Risk No. 7: Preparation and Approval of Quarterly Financial Reports

  • The accuracy and completeness of the quarterly financial reports are unsatisfactory.
  • The quarterly financial reports are not approved prior to their dissemination.
  1. When the Receiver General requests new changes with respect to the financial reports, the Manager, Accounting Operations and Financial Policies receives emails directly from the Treasury Board. The Chief, Corporate Accounting and Internal Control sends the emails to the Senior Analyst, Corporate Accounting and Internal Control, who then sends them to the various persons concerned and specifies what they have to do (i.e., highlights the relevant instructions). She ensures first that the Treasury Board requirements have been incorporated, and the Chief, Corporate Accounting and Internal Control then carries out quality assurance when he reviews the quarterly financial report.
  2. Every quarter, the Senior Analyst, Corporate Accounting and Internal Control extracts information on actual expenditures in the trial balance and validates the financial data with the help of a second SAP generated report (SAP Report).
    The budget data are compiled by two Analysts, Planning and Financial Management. The Manager, Accounting Operations and Financial Policies and the Manager, Corporate Budget Planning and Financial Resources Management validate the draft quarterly report.
  3. Every month, to ensure that actual expenditures are satisfactory, managers are responsible for conducting a monthly review of expenditures charged to their funds centre, reporting any errors and submitting requests for corrections to their financial analyst, if necessary. The review is then recommended by the Director and approved by the Director General of the sector. The review is kept on file.
    Every month, the Financial Resources Management Analyst also submits a report on the monthly financial situation to senior management. The submitted financial situation report includes a comparison of budgets, expenditures and estimates. The analyst is also responsible for investigating significant variances and explaining them to the Executive Committee. The presentation is kept on file.
  4. The quarterly financial reports are reviewed and discussed with the Audit Committee in a teleconference meeting. The corrections are then sent to the Audit Committee members by email to ensure that their comments are taken into consideration. The email and the Audit Committee members' replies are kept as proof for review purposes.
  5. The quarterly financial reports are approved by the Chief Financial Officer and the President prior to their dissemination. The quarterly financial report is also signed by the Chief Financial Officer and kept on file.

Risk No. 8: Task Segregation

  • There is no appropriate task segregation for the purposes of carrying out a control or co-ordinating between controls, thus increasing the risk of error or fraud.

A task segregation matrix has been prepared.

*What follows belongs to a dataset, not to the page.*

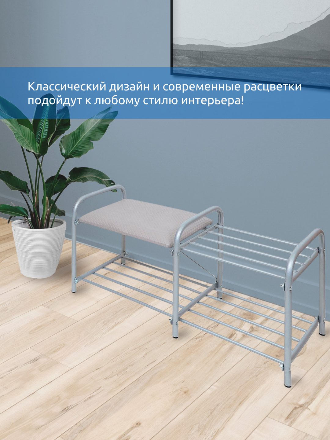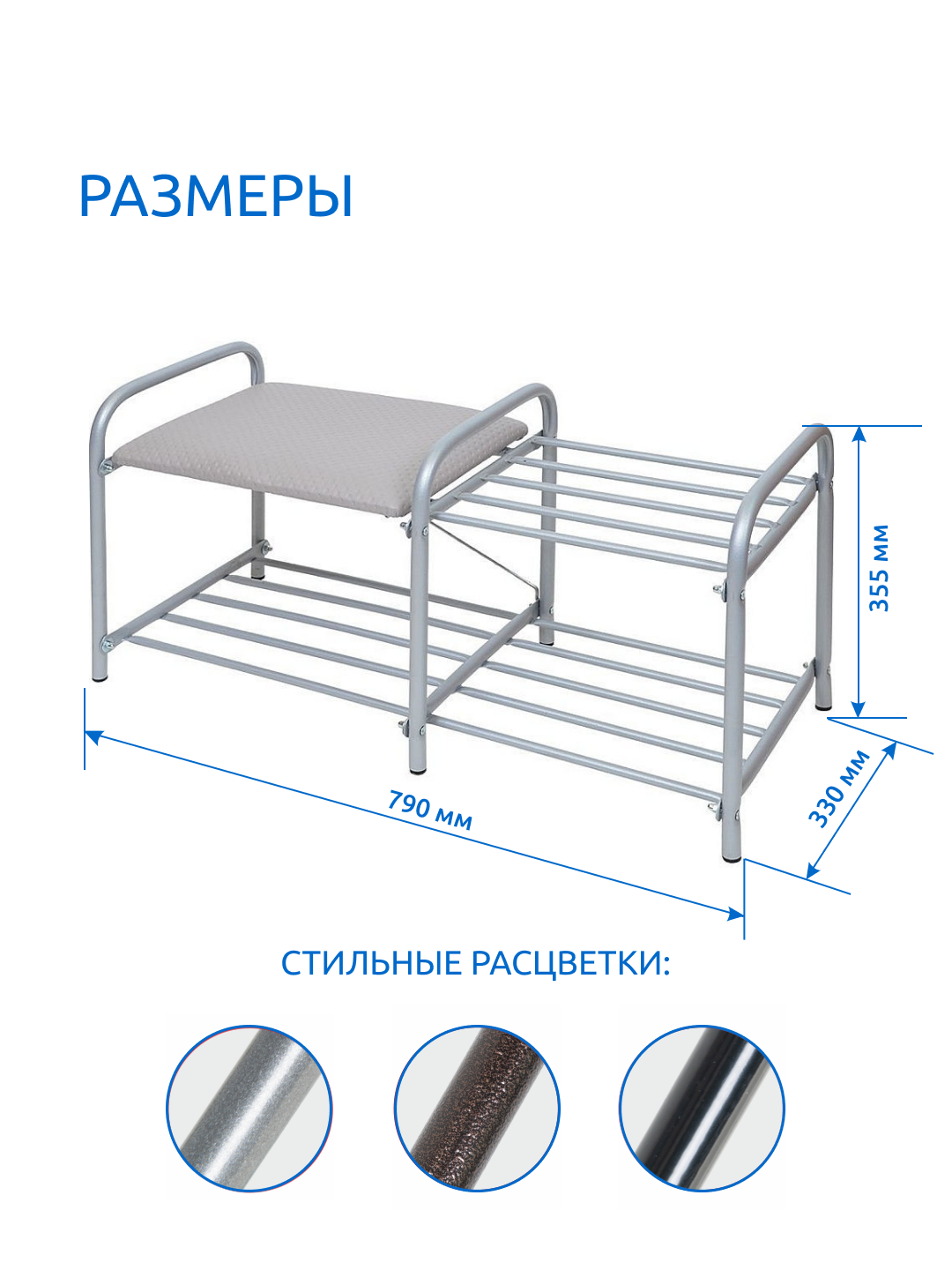 Этажерка для обуви/ обувница в прихожуюНика "Люкс" ЭТЛ1/С (подставка с двумя полками, с сиденьем, металл,79х33х36, Grey)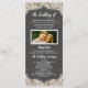 Foto Chalkboard Burlap Lace Wedding Programs - verfügen über einen Burlap- und Spitzen-Hintergrund mit einem Chalkboard-Druck. Verschiedene Textelemente werden in einem eleganten Skript gedruckt, um die rustikale oder ländliche Dekoration zu ergänzen. Laden Sie Ihr eigenes Foto für ein benutzerdefiniertes Aussehen hoch.

The assessment did not include activities that people concerned may perform in other CSA processes. It's possible that the control activities of these other processes may raise task segregation issues.

In addition, the assessment that was done covered manual tasks associated with the process for preparing financial statements and quarterly reports and did not cover access to the CSA's computer systems.

Taking the above into consideration, there is appropriate task segregation in the process for preparing annual financial statements and quarterly financial reports.